Across California and the country, most new moms do not have the same opportunities and supports that I did to help them meet their breastfeeding goals. A 2011 report from the Centers for Disease Control and Prevention found that fewer than four percent of  U.S. maternity hospitals provide new mothers with the services they need to initiate and continue nursing.

 

What’s more, many of the hospitals with the lowest exclusive breastfeeding rates serve low-income women of color.

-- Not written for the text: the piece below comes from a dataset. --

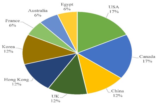 Papers were sorted according to the affiliation of their first authors, as illustrated in Figure 5. The USA and Canada (17% each) contribute the largest number of publications, followed by China, the UK, Hong Kong, and Korea (with 12% each). Australia, Egypt and France have each added 6% to the total number of publications, where other countries have played no role in this area of research. Countries like Brazil that produce sizeable amounts of CDW need to redefine research directions, to reap the benefits of BIM in managing CDW.

That means hospital practices are one of the key factors perpetuating disparities in breastfeeding rates – and a critical point of intervention. The data show that hospitals with supportive breastfeeding policies majorly reduce disparities for low-income mothers and mothers of color.

 

In addition to the health benefits breastfeeding provides, there are significant economic bonuses. If 90 percent of U.S. mothers exclusively breastfed for the first six months, the U.S. would save an estimated $13 billion annually in reduced medical costs.

 

Here are the facts: moms want to breastfeed, breastfed babies receive immediate and lifelong health benefits, and breastfeeding adds up to major cost-savings. So why aren’t more hospitals becoming baby-friendly?

 

This year, California state Senators Kevin de León and Fran Pavley have introduced legislation that would do just that.

 

Next week, on Wednesday, April 3, California’s Senate Health Committee will hear testimony on SB 402, a landmark bill that would ensure that all perinatal hospitals in California adopt practices that support and foster breastfeeding among new moms and infants. The practices that SB 402 would embed – keeping mothers and babies in the same room; promoting skin-to-skin contact; encouraging breastfeeding shortly after birth; providing staff education on breastfeeding support; and avoiding unnecessary formula supplementation – have been found to play a crucial role in determining whether mothers will meet their goals of exclusively breastfeeding their babies when they go home.

 

This bill is a bold policy step, deeply rooted in the evidence about what we know works. Every parent wants what’s best for their children right from the start. California’s landmark legislation sends a clear message to mothers who want to breastfeed that breastfeeding is one best practice in parenting that they don’t have to shoulder alone.